Wednesday, May 25, 2011

Did I Remember?

A recent radio story about a prominent national leader led me to remind myself that you never know when an encounter you have will have a powerful influence on another person.
Here is a case in point.  Former Speaker of the House Nancy Pelosi was recently asked what prompted her toward a life of striving that broke through barrier after barrier opposing the advancement and fulfillment of women.  She then became the first and only woman ever elected to be Speaker of the House of Representatives.
To the question, she responded that back in an early school debate class exercise, each student had to pull out a slip of paper from a bowl and then debate extemporaneously on the question written on the slip of paper. 
Nancy Pelosi's slip asked "Do women think?" and it has haunted, urged and propelled her since.  It is highly unlikely that the debate class teacher ever imagined the impact this exercise might have.
By the end of the radio story, I was left wondering how often I forget that any encounter I have as a leader can have a powerful impact on another person or, it can be just another forgettable encounter.

Thursday, May 19, 2011

Lesson from the Coffee Pool on Being Right

I recalled an early life experience that reminded me of a lesson about managers and leaders.
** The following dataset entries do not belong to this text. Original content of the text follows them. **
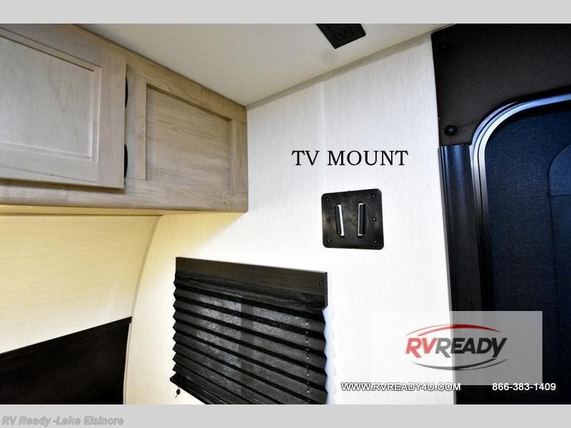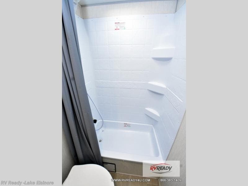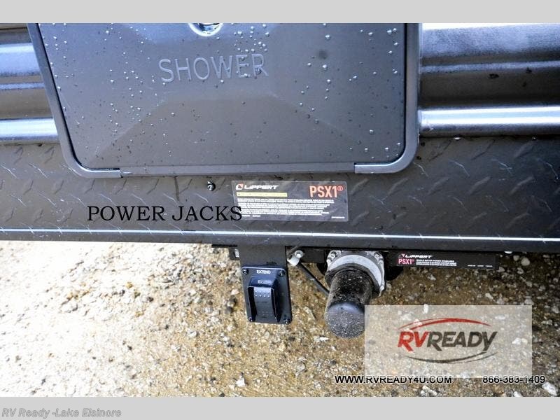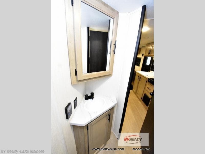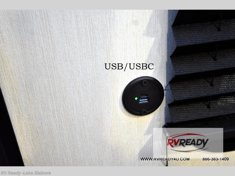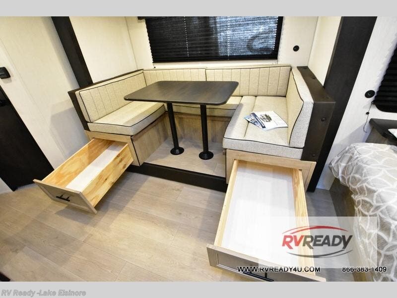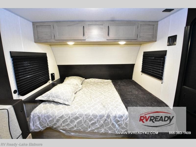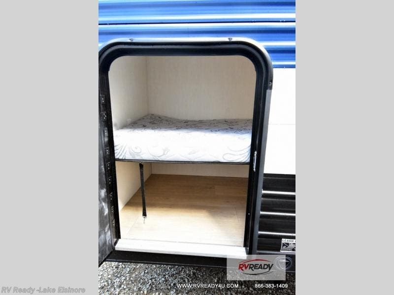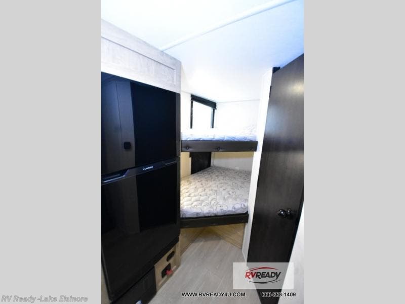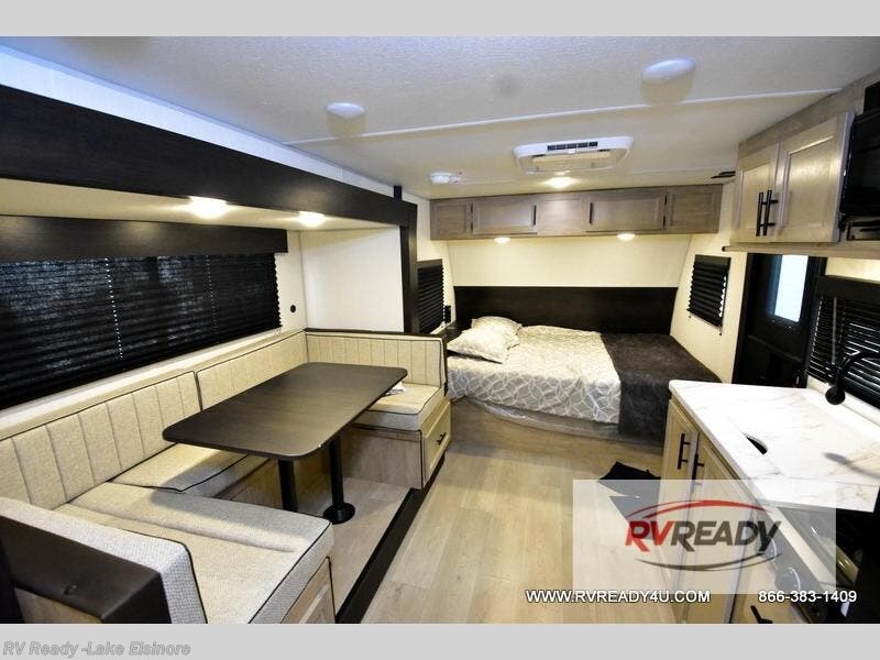 This family travel trailer is ready to head to the campground whenever you are! The kiddos can sleep on the set of double-size bed bunks, and you can sleep on the front queen bed, plus the U-shaped dinette slide can also transform into an extra sleeping space when you aren't using it to enjoy a meal prepared with the cooktop. You can also prepare your delicious meals at the outside mini kitchen and stay protected by the power awning. The exterior not only has outside storage and an outside TV mount but also features an outside storage plus door for access to the storage space underneath the bottom bunk bed. The rear corner bath allows everyone to stay clean and refreshed while you camp.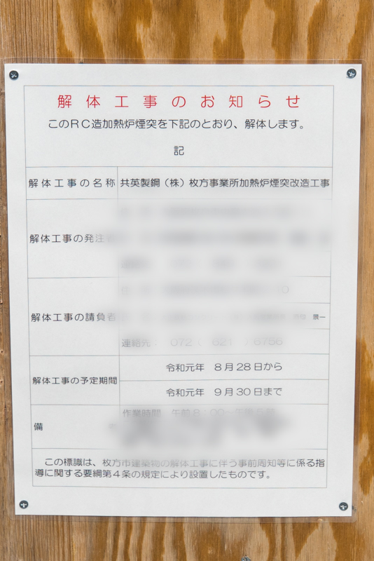 なお、この煙突は共英製鋼のもので、共英製鋼は大阪市内に本社を構える鉄鋼製品を製造するメーカー。この枚方事業所は関西地区の拠点で、敷地内には地下トンネルなんかもあるそうです。
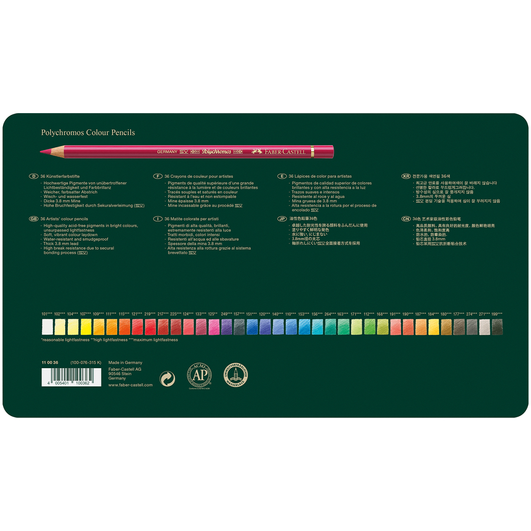Med høykvalitets, syrefrie pigmenter leverer Polychromos en uslåelig lysekthet som bevarer fargenes briljans i tiår, kombinert med maksimal bruddmotstand, smitte- og vannresistens samt eksepsjonelle tegneegenskaper.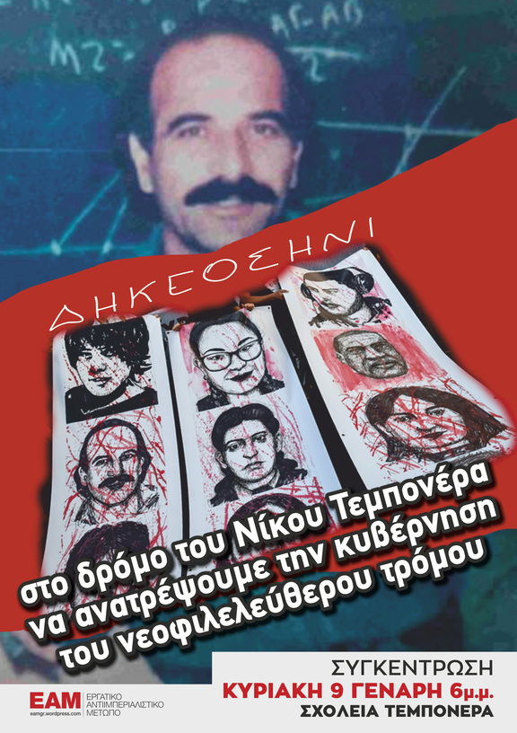 Νίκο Τεμπονέρα θα είμαστε και φέτος εκει την Κυριακή 9Γενάρη στις 6μ.μ. στο τόπο της θυσίας σου, οι σύντροφοι σου, η οικογένεια σου, οι συνάδελφοι σου, οι φίλοι σου, οι νέοι και οι νέες, όσοι κάναμε την μνήμη θεμέλιο ανασύνταξης της κοινωνίας για να μπορεί να ελπίζει σε ένα μέλλον δικαιοσύνης και κοινωνικής απελευθέρωσης.

One day as a young boy, I saw the local Scout Master jaywalking.  This was a man I admired greatly and here he was possibly breaking the law.  Each of us has similar examples of discovering that others we look up to aren't perfect.  As we grow older, we construct more sophisticated mental assemblies to hand these little contradictions and get over them.

Or do we?

Early in my professional career, our hospital got a new CEO.  Several months into his tenure, I was in the Executive Suite arranging meetings with his senior assistant,  She told me how very impressed she was with the new boss and it floored me.  It wasn't anything I expected from a seasoned, top of the line assistant.  She said he always chipped into the coffee pool.

The other day, when I saw a manager fill up their cup at the office coffee pool, I wondered they chipped into the pool.  The contradiction wasn't all worked out after all.

This recent manager who didn't pay didn't do anything wrong but arguable could have as I didn't see him pay. I simply hadn't seen him do it right.  If inclined toward the negative, I could have walked away from the experience assuming that he had as the conclusion was potentially open to interpretation.

For a manager seeking to also be a leader, it's not enough to be doing the right thing.  The leader must also be noticed being right.  At first, this seems trite.

Perceptions are very strong, particularly if negative.  If a manager is perceived not to be right, even in a small, seemingly insignificant area like the coffee fund, their standing as a leader drops.  If the right deed is done but not noticed at least sometimes, the perceptions in others may run to unfortunate and inaccurate negative views, sadly so, but true in my experience.

My attempts at being a more effective manager and leader include making deliberate actions that I would have taken anyway but now making them publicly at least part of the time.

I am seen at least some of the time, paying into the coffee pool.

Monday, May 2, 2011

The Missing Truth of the Bryde Whale

As the summer fair season approaches, I was reminded of a childhood experience that didn't turn out how I imagined it would at a midwestern state fair where I grew up.

The sign advertised "See the REAL Bryde forty foot long whale".  I couldn't resist.  I followed the line past the ticket booth as the other paying guests and I waited our turn.  Slowly, we approached the exhibit which turned out to be a semi-truck trailer.  My suspicions were starting to rise but still, hope prevailed.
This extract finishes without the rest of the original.